FIG. 2 is a top view of the same.

FIG. 3 is a left side view of FIG. 1.

FIG. 4 is a right side view of FIG. 1.

FIG. 5 is a characteristic diagram showing the relationship between mirror inclination and laser output.

[Explanation of symbols]

11... Gas laser tube, 21... High reflection mirror, 22... Output mirror, 25, 27... X-axis adjustment motor, 26, 2
8...Y-axis adjustment motor, 30...sensor, 31...amplification converter, 32...laser output increase/decrease discrimination device, 33...motor drive control device.

Claims (1)

[Claims] [Claim 1] A high-reflection mirror placed on one side of the discharge path of the gas laser tube and an output side mirror placed on the other side, and an X for adjusting the horizontal inclination of each of these mirrors.
An axis adjustment motor, a Y-axis adjustment motor that adjusts the vertical inclination of each mirror, a laser output detector that detects laser light output, and receives electrical signals from this detector to determine trends in increases and decreases in the laser output. a laser output increase/decrease discrimination device, a drive control device that adjusts and drives the X-axis adjustment motor and the Y-axis adjustment motor in response to electric signals from the discrimination device, and is connected to supply energizing power to the laser tube. In the gas laser tube apparatus, the horizontal tilt of either the high reflection mirror or the output mirror is controlled by driving an X-axis adjustment motor to obtain the maximum laser output.
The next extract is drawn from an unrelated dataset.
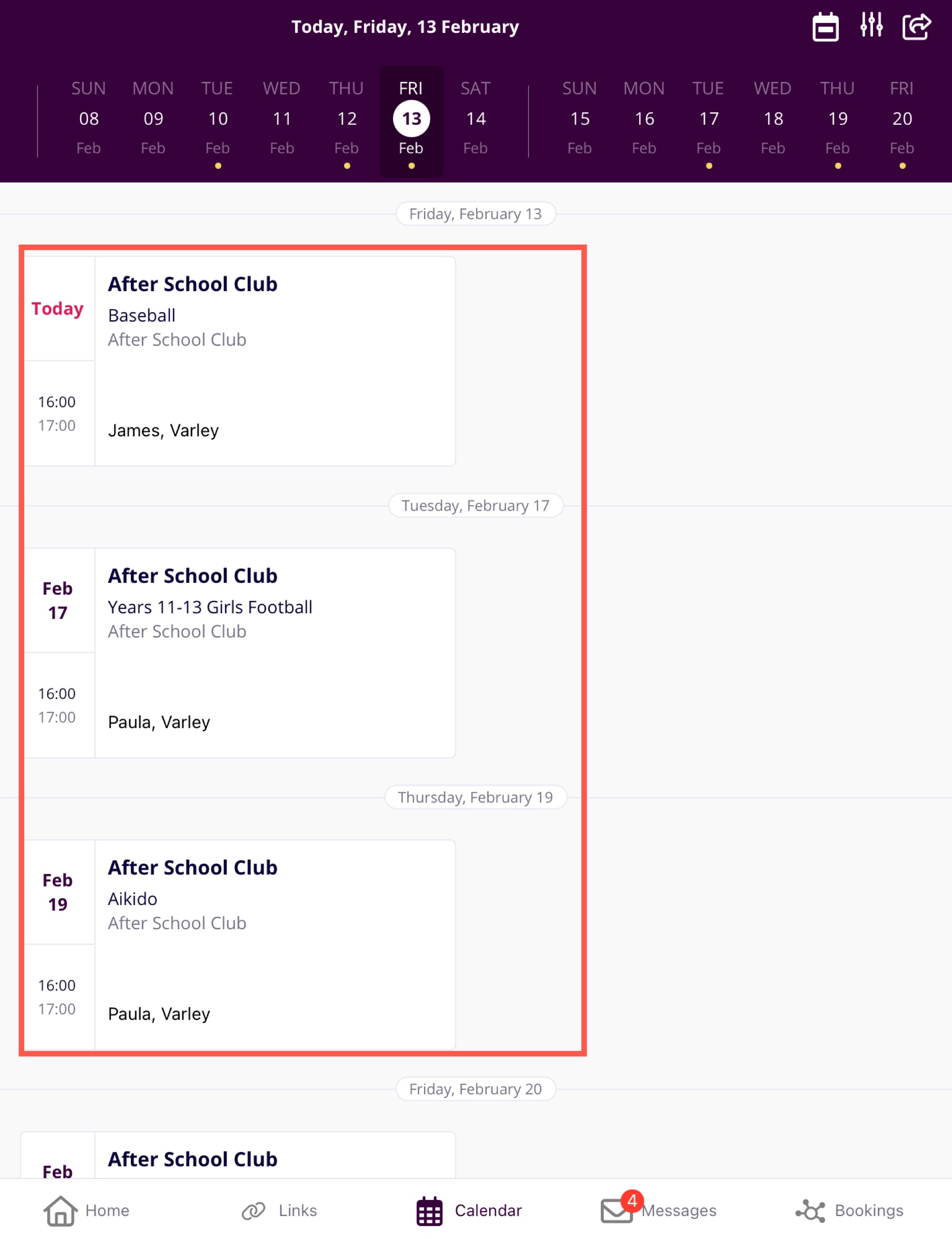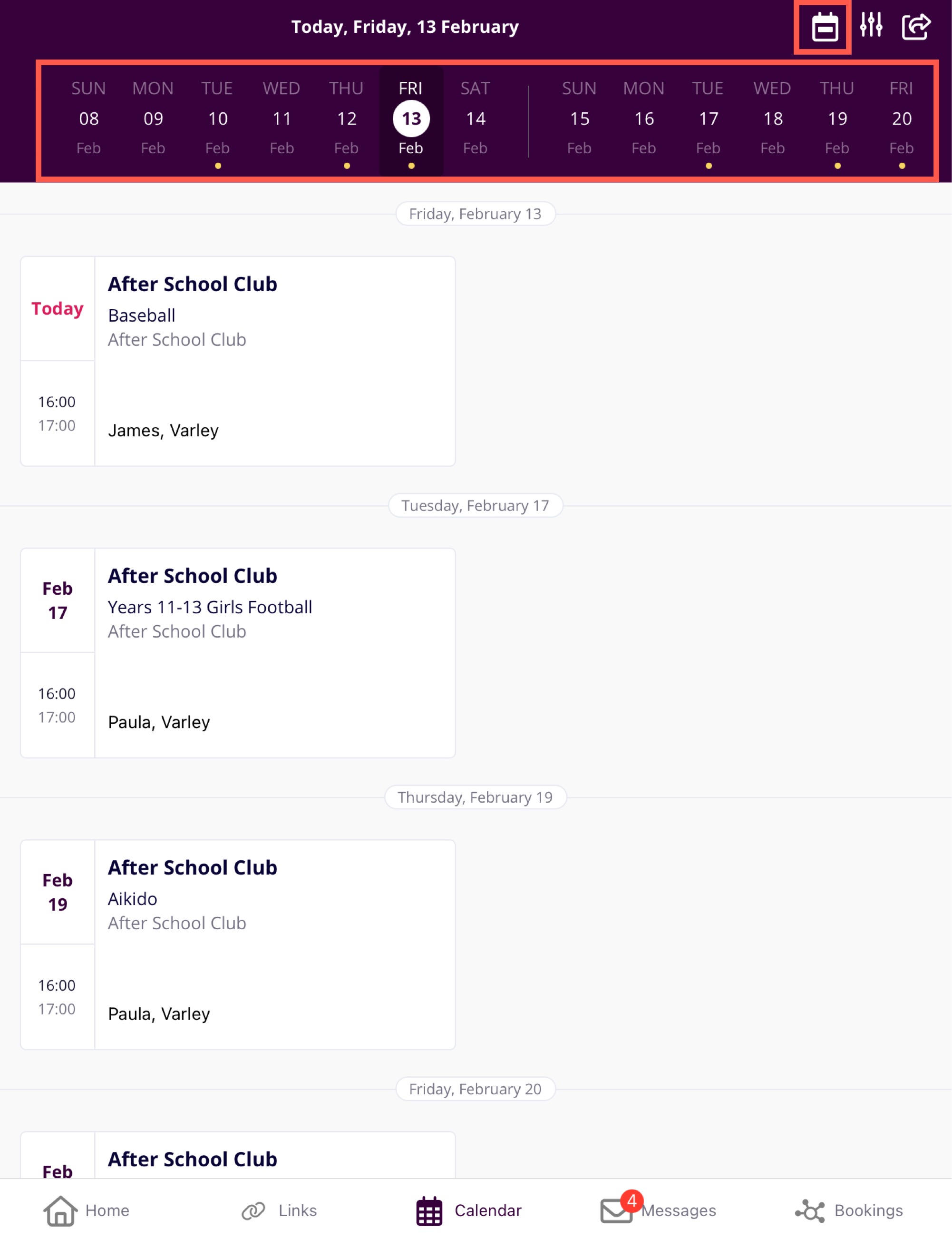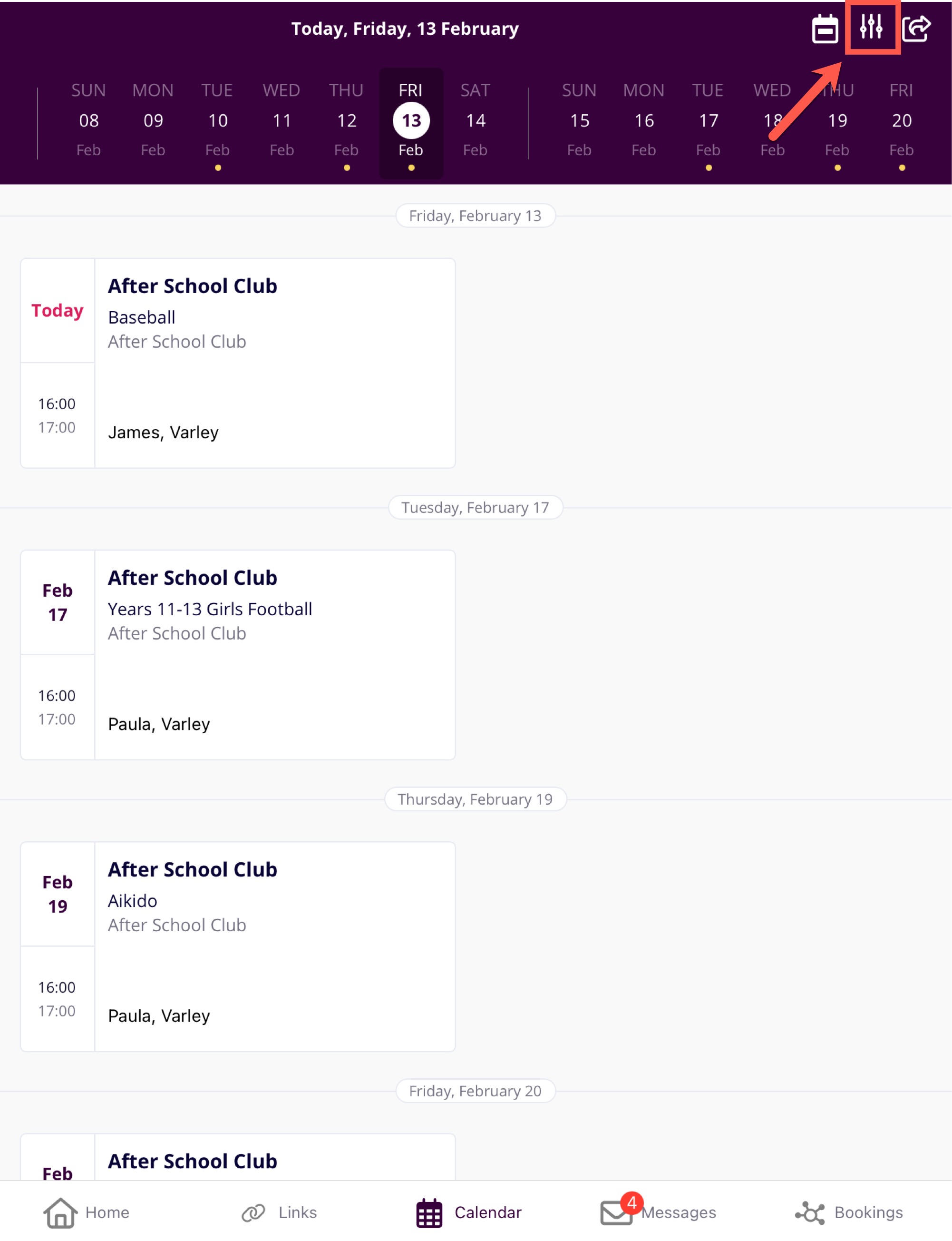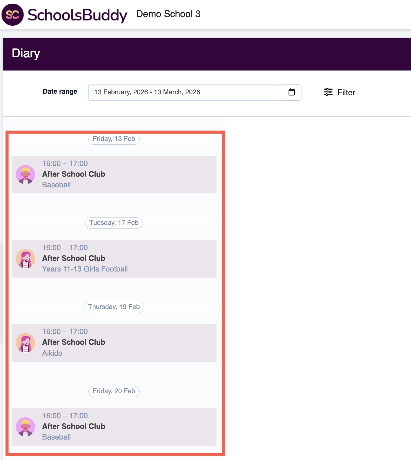 The diary will update automatically to show the selected child’s schedule.

Then move the same vertical tilt of this mirror to the position where the maximum laser output is obtained by driving the Y-axis adjustment motor, and then move both the high reflection mirror and the output mirror, By rotationally driving each X-axis adjustment motor, move the same amount in the same direction simultaneously or alternately to determine the position where the laser output reaches the maximum value, and then similarly move both the high reflection mirror and the output mirror to each Y A gas laser tube device characterized in that it is configured to move simultaneously or alternately by the same amount in the same direction by the rotational drive of a shaft adjustment motor to determine the position where the laser output shows the maximum value.